Paris Saint Germain przegrało 1:2 z Manchesterem City pierwszy mecz półfinałowy Ligi Mistrzów. Piłkarze francuskiego zespołu świetnie rozpoczęli rywalizację, ale w drugiej połowie popełnili serię katastrofalnych błędów, które drużyna Pepa Guardioli bezwzględnie wykorzystała.
Fantastyczny tercet ofensywny Paris Saint Germain błyszczał w pierwszej połowie półfinału Ligi Mistrzów przeciwko Manchesterowi City. Kylian Mbappe swoim dryblingami momentami ośmieszał rywali. Każdy kontakt z piłką Neymara czy Angela Di Marii powodował alarm w szeregach angielskiego zespołu.

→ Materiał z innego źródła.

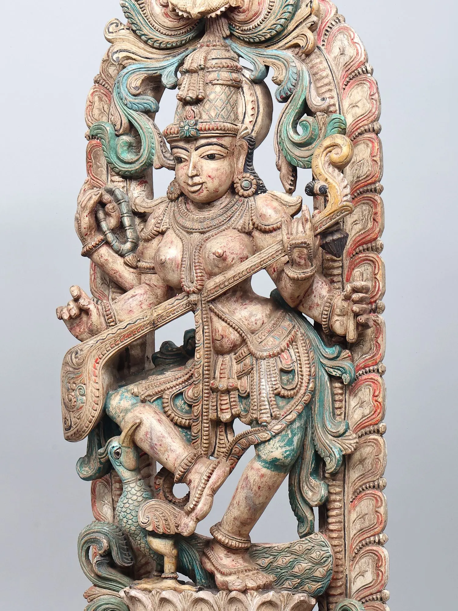 51" Goddess Saraswati Playing Veena Wooden Statue with Swan (Vahana)
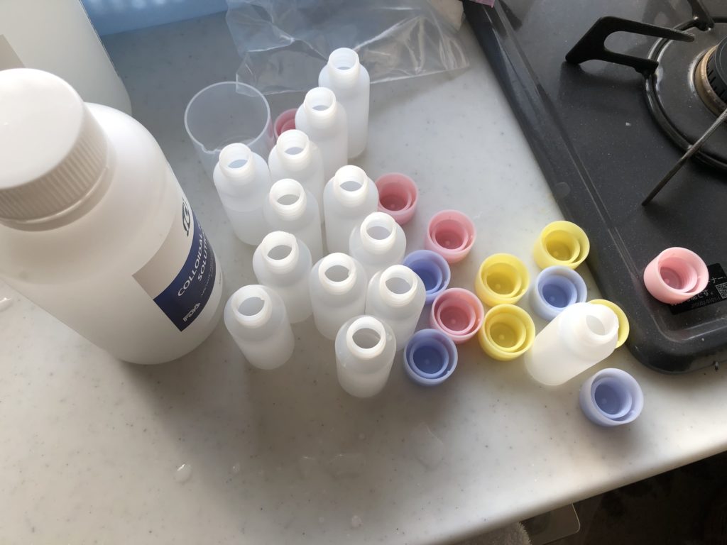 1回1回測って飲むのは大変なので、姉のアイデアで、100円均一で1回分(20ml)がちょうど入るような容器を数十本購入
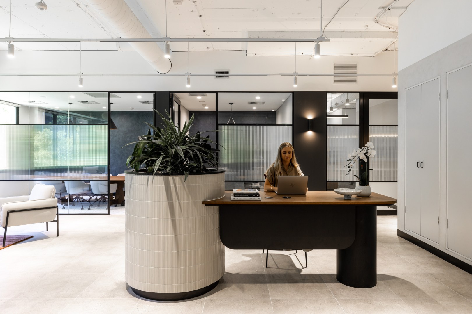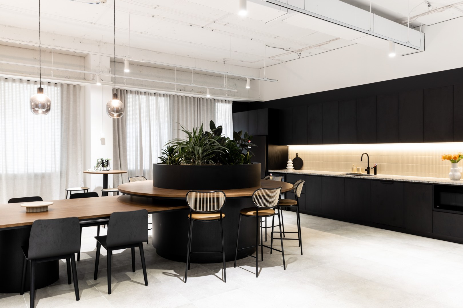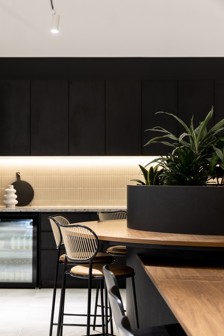 Surrounded by parkland in Sydney CBD, Lawson Elliott’s workplace boasts elegance, taking notes from boutique art deco design. A nod to the art deco building is created though the bold colours and dramatic lighting. The custom joinery is testament to Sheldon craftsmanship, with bespoke features like an awards wall, shelving, and a unique, luxurious kitchen design. Soft residential furnishings, coupled with biophilic elements for wellbeing, enhance the comfort and atmosphere.
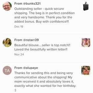 @jcaro Hey Jolie, itβs very thoughtful of you to message! I totally understand and know how it feels to be on the hunt for a particular piece. The blouse will be on hold for you until Thursday. ππ¦
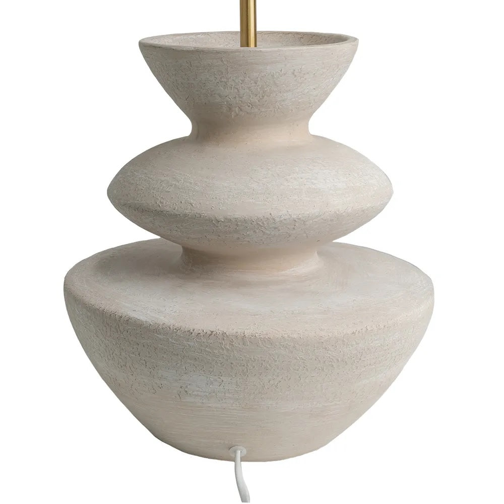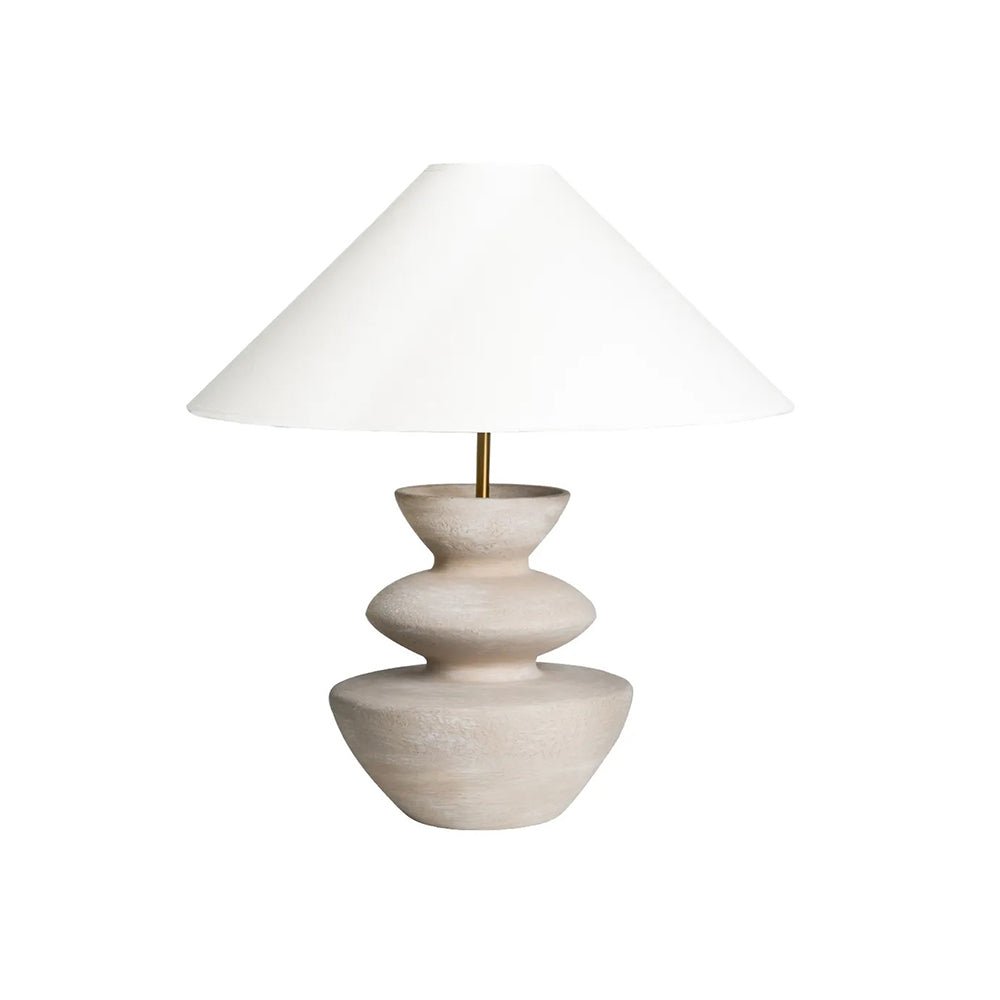 Infusing interiors with earthen warmth, the striking sculptural form of the Perama table lamp is enhanced by its raw, tactile finish. Handcrafted in ceramic, the chalky natural tones add organic texture and are complimented by a tapered white shade in a soothing matte white.
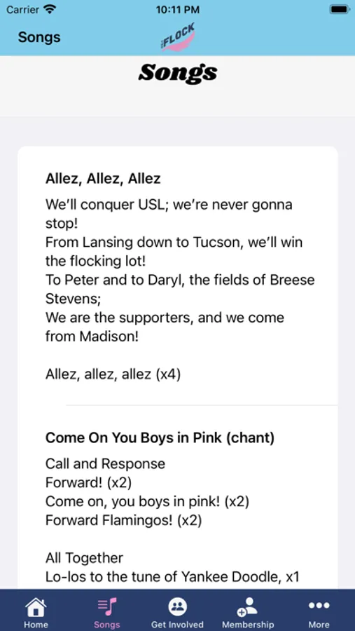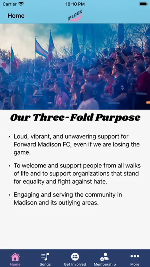 It's your favorite supporters' group, in an app! Get all the latest Flock news, events, songs, and more here in The Flock's official app.
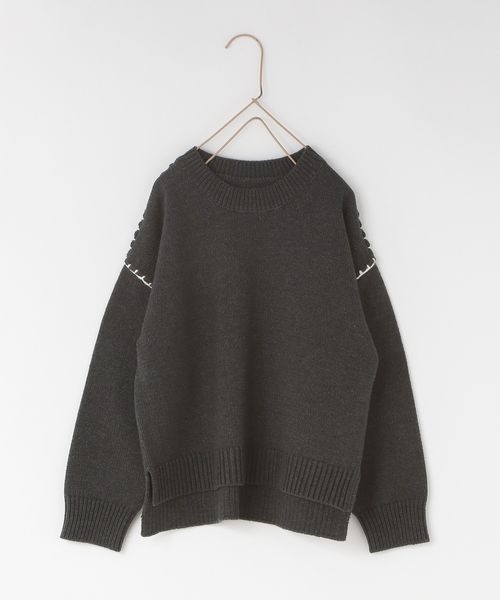 ■デザイン■毎年人気の配色ステッチが効いたベーシックなニットプルオーバー。ゆとりのあるボックスシルエットにサイドスリットを入れ、抜け感をプラスしているのがポイント。■スタイリング例■デニムやシェフパンツに合わせてカジュアルに着たり、ミニスカートに合わせて着るのもおすすめです!
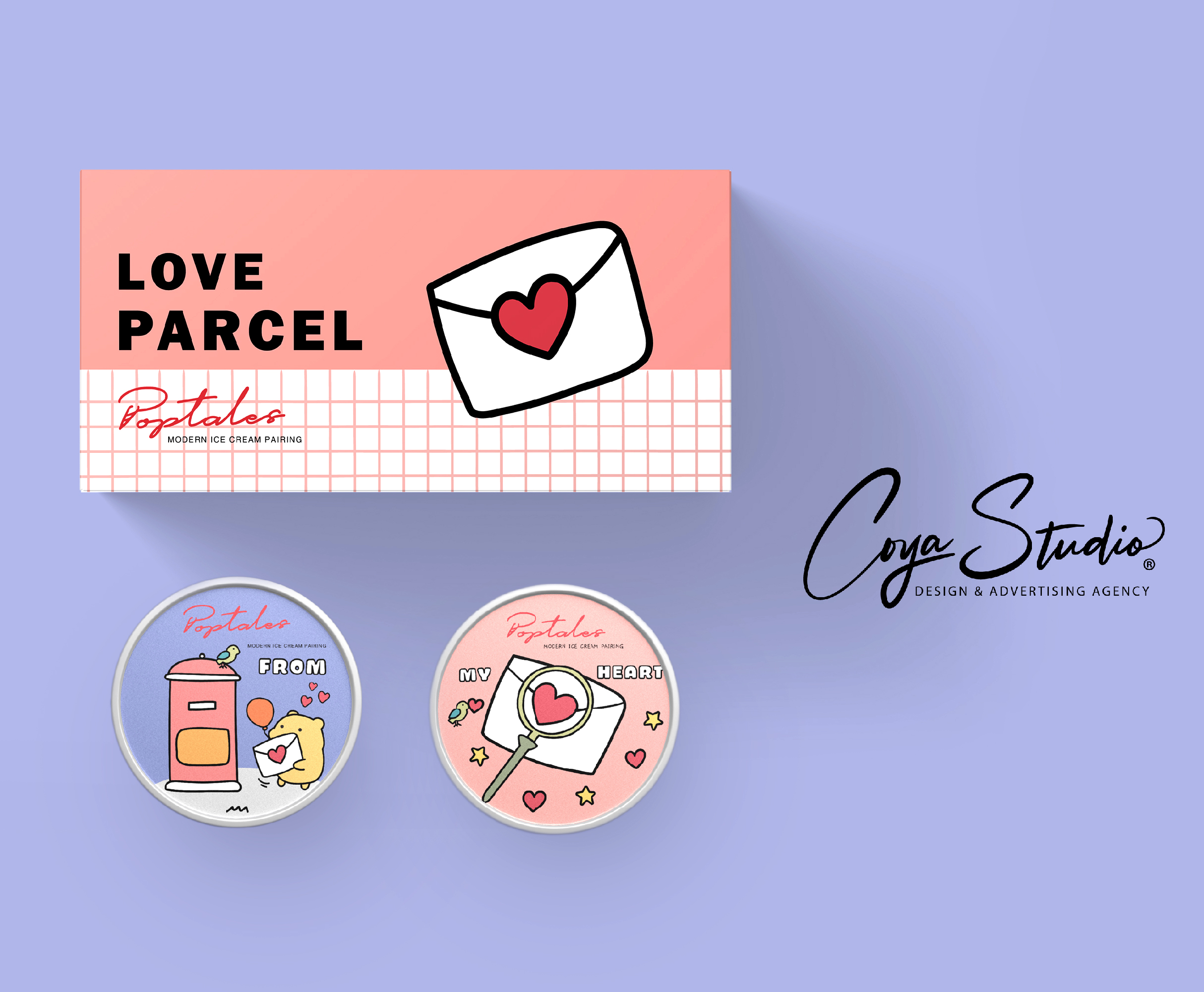 ผลงานออกแบบประกวด บรรจุภัณฑ์กล่องไอศครีมแบรนด์ Poptales ในคอนเซ็ปต์ Puppy Love เรานึกถึงเวลาที่เรารู้สึกดีดีกับใครบางคน สิ่งแรกคือสื่อออกไปให้เขาคนนั้นได้รับรู้ “พัสดุรักจากหัวใจ Love Parcel ” แทนความรู้สึกที่มีมากมาย ผลงานนี้ได้รับรางวัลชนะเลิศอันดับ 1 ในงานแข่งขันออกแบบบรรจุภัณฑ์ Fast Challenge Packaging Design
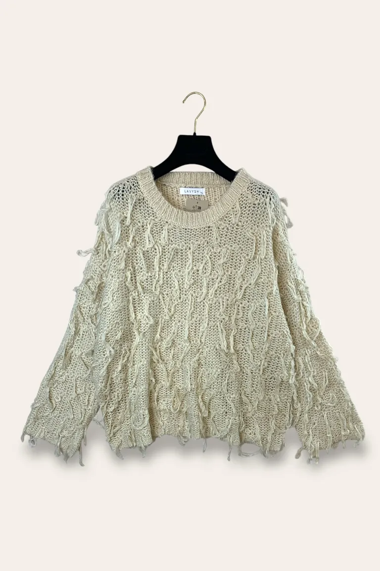 Maglia larga con tessuto sfilato
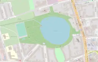 Im Norden befinden sich die 1962 eingeweihte und inzwischen denkmalgeschützte Stadtbibliothek, ein Freizeit- und ein Seniorenheim. Unmittelbar östlich des Sees befindet sich der U-Bahnhof Franz-Neumann-Platz der Linie U8.

Zwieńczeniem przewagi PSG było uderzenie Marquinhosa, który po dośrodkowaniu z rzutu rożnego Argentyńczyka zdobył pierwszego gola spotkania. Paryżanie mieli - zdawało się - wszystko pod kontrolą, a trener Pep Guardiola zżymał się przy linii bocznej obserwując wydarzenia na murawie.
What. A. Game!
— UEFA Champions League (@ChampionsLeague) April 28, 2021
⏰⚽️1⃣5⃣ Marquinhos
⏰⚽️6⃣4⃣ De Bruyne
⏰⚽️7⃣1⃣ Mahrez
Comeback complete for Manchester City ✅#UCL pic.twitter.com/4S40S8jac0
Wszystko odmieniło się jak za dotknięciem czarodziejskiej różdżki w drugiej połowie. Najpierw Keylor Navas, będący dotychczas opoką w bramce, wpuścił do siatki piłkę kopniętą przez Kevina De Bruyne. Belgisjki pomocnik Manchesteru City chciał dośrodkować w pole karne, ale futbolówka nie dotknięta przez żadnego z zawodników zaskoczyła obronę PSG.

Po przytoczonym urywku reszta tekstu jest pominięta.